The results of a new artificial intelligence system were more subtle than a medical breakthrough or a new treatment plan. When the systems were online, the realm of work squarely slid to that of the computer engineers, and René returned to his.

In the biosciences facility, René walked down the array of artificial wombs. The metal pod was designed to gestate human embryos. Inside, a layer of cell lines and flesh coated the rounded walls behind the reinforced glass case. With a digital clipboard, René read the reports of each client hosted within and gently tapped one unit.

This isn't right.

He called to the colleague on another aisle of the array, "Doctor Lisa."

"What is it?"

"A unit that shouldn't have an occupant."

"Let me see," the woman, with a thin pair of glasses tangled in hair, walked over.

The small screen in front of the unit indicated, "Occupied". She lifted her glasses from her face for a close look. Hard to deny. Behind the curved glass pane, no larger than a fingernail was an embryo.

"Well," she sighed, "at least all clients passed maternity and paternity tests. It doesn't explain our extras however."

The first guess among most staff would be accidental cloning, but there was no way to be sure just by visual inspection.


Later in the morning, in the break room.

"I thought I asked for a genetic profile of those unidentified embryos," the lab woman nagged with both of her hands at her hips.

"Lisa, come on," the man with a sandwich and his legs rested on the table got up and sighed, "that came in my inbox at eleven in the morning. Don't get on my case already."

"Do you have something about the embryos then?"

He walked to the door and pushed it open with the back of his elbow, "One of them's a boy, and he's got blue eyes."

The man left the break room.

Lisa clutched and tugged her hair in frustration.

"The department isn't taking this very well, is it?" René asked.

"I'm sorry," Lisa apologized for her attitude, "That's correct. Making mistakes here doesn't leave clean conscience.

"To think if main space found our little world, we'd be branded as lawless defectors without a proper fear of the divine," she joked. "They'd never guess we'd have this conversation."

Not that it would even matter to them, only that we didn't subscribe to their model of morality. "I've found our extras aren't clones nor relatives of our clients, but I suppose that doesn't help our case."

"Not good news in the least to elevate potential mistake to potential malpractice."

"I'm hoping to find that it isn't the case."
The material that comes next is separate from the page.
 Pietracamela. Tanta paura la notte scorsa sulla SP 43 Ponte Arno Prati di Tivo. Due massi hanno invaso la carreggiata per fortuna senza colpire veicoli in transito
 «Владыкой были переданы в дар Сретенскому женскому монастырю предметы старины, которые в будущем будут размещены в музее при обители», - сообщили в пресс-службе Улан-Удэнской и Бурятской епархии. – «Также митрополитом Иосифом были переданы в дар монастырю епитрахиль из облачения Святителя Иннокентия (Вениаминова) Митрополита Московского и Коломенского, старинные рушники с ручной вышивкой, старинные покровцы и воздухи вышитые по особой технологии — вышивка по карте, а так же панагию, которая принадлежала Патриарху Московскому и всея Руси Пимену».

There weren't many prospective leads.

The main square of the metropolis had the infrastructural development of a city, but the personality of a small town where faces recognized one another and drew no suspicion of crime. One finger eventually pointed to a friend's relative's neighbor or so forth. Nor could one reasonably shake a fist at a bad actor beyond the atmosphere. Additionally, the biosciences subfacility, with a virology lab sequestered inside, was under greater scrutiny than others in the building.
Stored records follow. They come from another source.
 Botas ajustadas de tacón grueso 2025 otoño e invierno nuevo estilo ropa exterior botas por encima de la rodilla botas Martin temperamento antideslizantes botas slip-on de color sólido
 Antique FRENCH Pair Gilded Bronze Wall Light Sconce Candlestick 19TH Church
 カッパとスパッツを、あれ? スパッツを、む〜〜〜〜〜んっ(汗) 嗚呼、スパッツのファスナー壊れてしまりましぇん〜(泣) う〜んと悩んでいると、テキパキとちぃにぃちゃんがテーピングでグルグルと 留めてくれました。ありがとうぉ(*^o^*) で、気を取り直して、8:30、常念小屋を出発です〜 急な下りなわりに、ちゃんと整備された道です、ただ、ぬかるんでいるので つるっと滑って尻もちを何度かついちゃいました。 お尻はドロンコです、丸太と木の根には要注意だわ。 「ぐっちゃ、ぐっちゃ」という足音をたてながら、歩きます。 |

René thought he exhausted his options when he checked the reports of the process and had no choice than to request security to review surveillance footage. That he could contentedly leave for another day.
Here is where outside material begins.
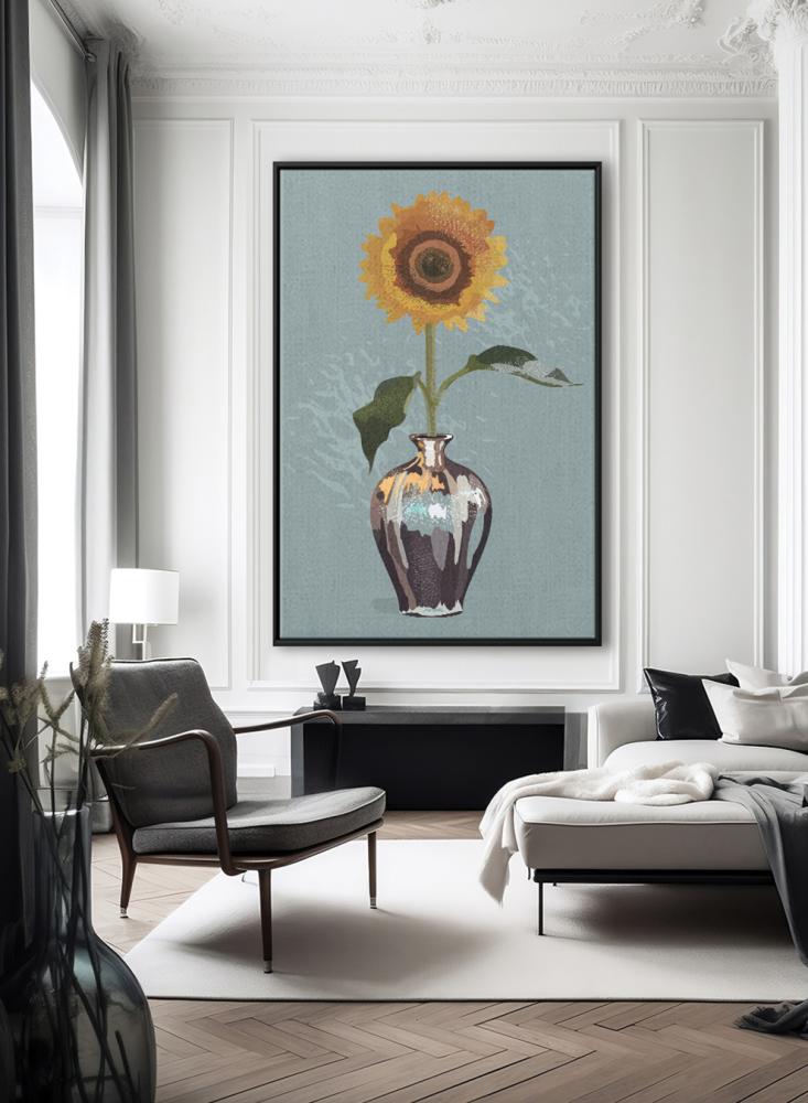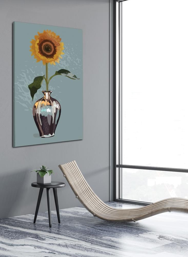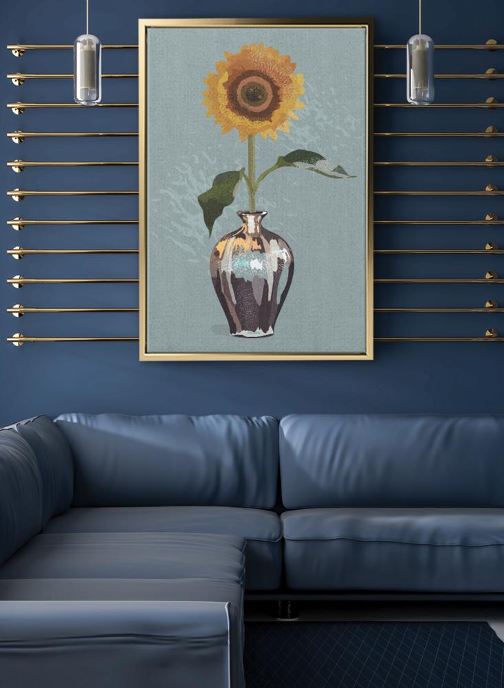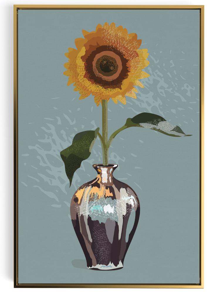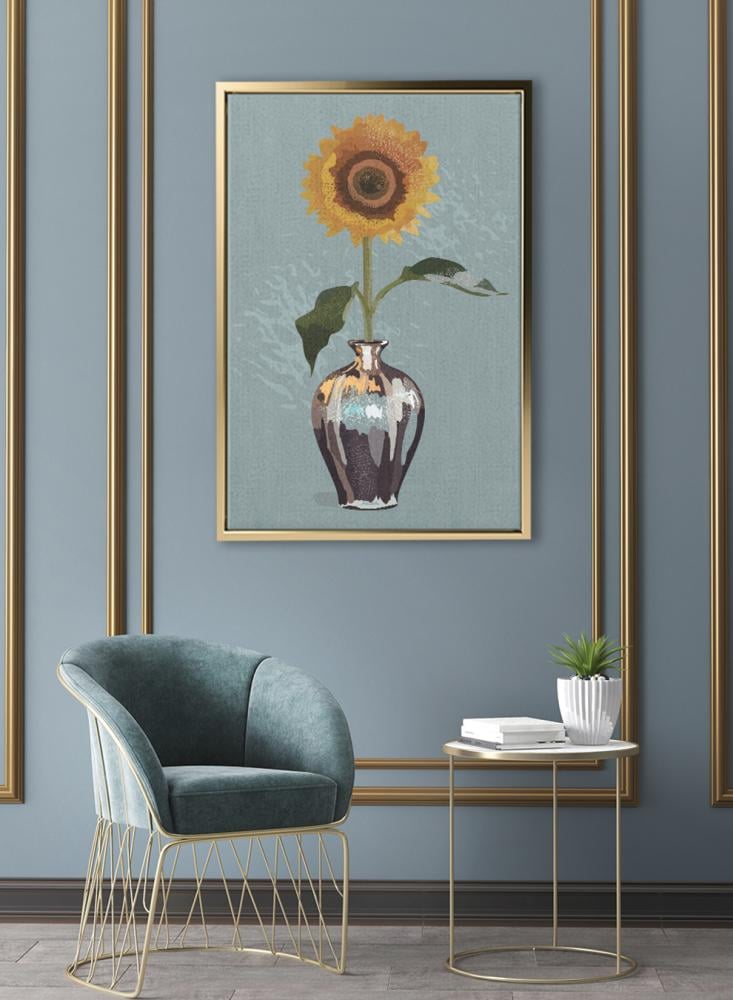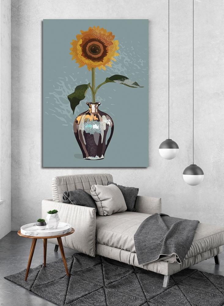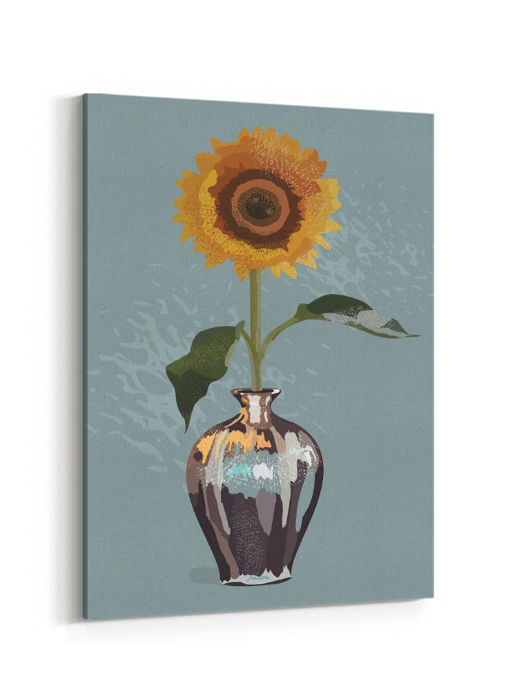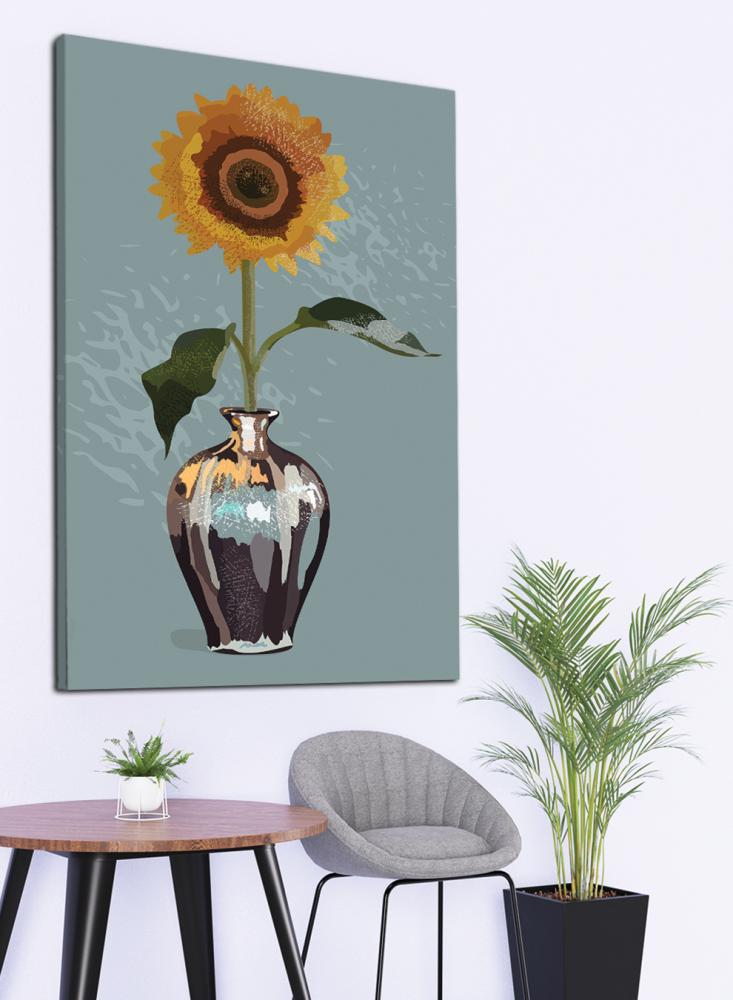لوحة كانفاس على إطار خشبي بتصميم زهرة عباد الشمس

At his workstation, the base-pairs from an embryo and René himself, as a reference, were sent to Cogito from the terminal. The pre-child's eyes were blue, and René's own: green, was a nonmatch at face value, but left enough room for potential scandal. As data compiled, the differences between him and the embryo grew beyond that of nonrelatives.

A mutant? René furrowed his brow at the screen. He could save his own skin when the time came for internal investigations. But the implausible results hinted the same programs he used for previous genetic analysis were faulty.

After a second run of the same program on the same data set. The results were now different from the last.

"Nondeterministic computing," he scoffed.

He stood to leave his workstation terminal, before turning and looking at it with suspicion.

Home computer.

Analysis would take far longer, but already indoor lighting outshone that from the setting star. It wouldn't be long until he'll be asked to leave the premises. René closed the connection to the mainframe, copied his data to a portable drive, and left the room.